Tutorial: On the turn…

Alongside blocking in the environment and fiddling around with cameras, I took this morning to test out a system for making certain objects manipulable via the mouse. After a bit of head scratching I got it to work pretty well so I thought I share the Playmaker setup and a few notes…



The two cylinders on the left represent separate transform parents, this is to avoid gimbal lock and related silliness. Here’s the Playmaker setup, you’ll probably want to open up the full size version in another tab; it’s rather large….




Idle is waiting for a mouse event, in this case a mouse click. The FSM is actually on an invisible cube with a collider a bit larger than the cube you can see above, after a bit of fiddling it seemed more reliable and controllable to have this separate and static.

Rotate X or Y gets the absolute values for the change in mouse position so we can compare them without worrying about negative numbers, I wanted the rotation to be either around X or Y, not both at the same time, this way I can have a separate state handling each. You can find the GetMouseDeltaPosition action here, or just search “delta” in Ecosystem.

Both Rotate X and Rotate Y have the same actions, just for their respective axes. The first action changes the parent of the object we want to rotate, we apply rotations to that object instead and only around one axis, that way we always know what our pivot’s up to. Next we get the mouse position delta again. The float multiplication defines how quickly and in what direction the object will rotate in relation to mouse movement. This takes a bit of fiddling and will be different for each object, I’m using a cylinder with a 90° rotation as a parent for example, so both X and Y mouse delta values end up being applied to Y axis rotation. Depending on your own set-up there will be a bit of trial and error here; keep in mind the translation of the mouse along an axis is being applied as rotation around another axis and vice-versa. The mouse pick event at the end checks to make sure the cursor is still over the object and the button is still down.

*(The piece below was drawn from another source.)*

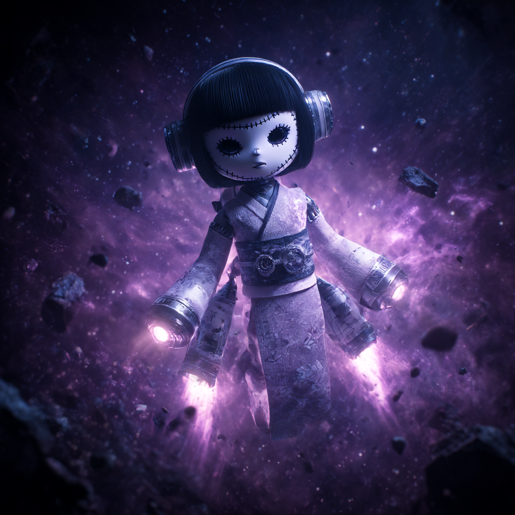 Futuristic emotional SF rock with fast tempo and cinematic atmosphere, Powerful electric guitars blend with synthetic arpeggios and ambient pads, Vocals shift from bright determination to emotional farewell, capturing the tragic yet heroic essence of a lone AI girl cleaning space debris

Ease out X and Ease out Y aren’t necessary but act to soften the transition between dragging the object and letting go, it can be quiet abrupt otherwise. These states don’t update the Mouse X/Y variable, they use the last known values, this means that the ease out will be different depending on how fast the mouse was moving in the previous state. These actions can be fiddled with to achieve lots of different effects, a longer time value on the rotation, for example, would allow you to spin an object. The final mouse event action checks to see if the player has clicked, this makes sure they don’t have to wait for the rotation to completely finish before interacting again.

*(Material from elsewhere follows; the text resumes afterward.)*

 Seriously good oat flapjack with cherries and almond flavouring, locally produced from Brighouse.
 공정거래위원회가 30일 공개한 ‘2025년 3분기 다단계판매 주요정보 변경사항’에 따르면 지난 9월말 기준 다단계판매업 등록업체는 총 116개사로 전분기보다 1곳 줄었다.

It’s pretty straight forward but works surprisingly well, I’m thinking I might use this for a few elements in Reel I would otherwise have had to use rigid bodies.

UPDATE: I posted this tutorial up on the Playmaker forums and user djaydino ponted out that iTween was getting a bit long in the tooth, at their suggestion I checked out DOTween. The set up is slightly different so I thought I’d include the alternative Ease Out state:


As ever, I’ll be floating around on TwitterTumblr and Facebook throughout development, if you have any questions. If you just want to hear about the big stuff, release dates etc. you can sign up to the Arcto Games Tinyletter.



3D-artist and fledgling Unity Dev. Currently working on a wordless point-and-click adventure game...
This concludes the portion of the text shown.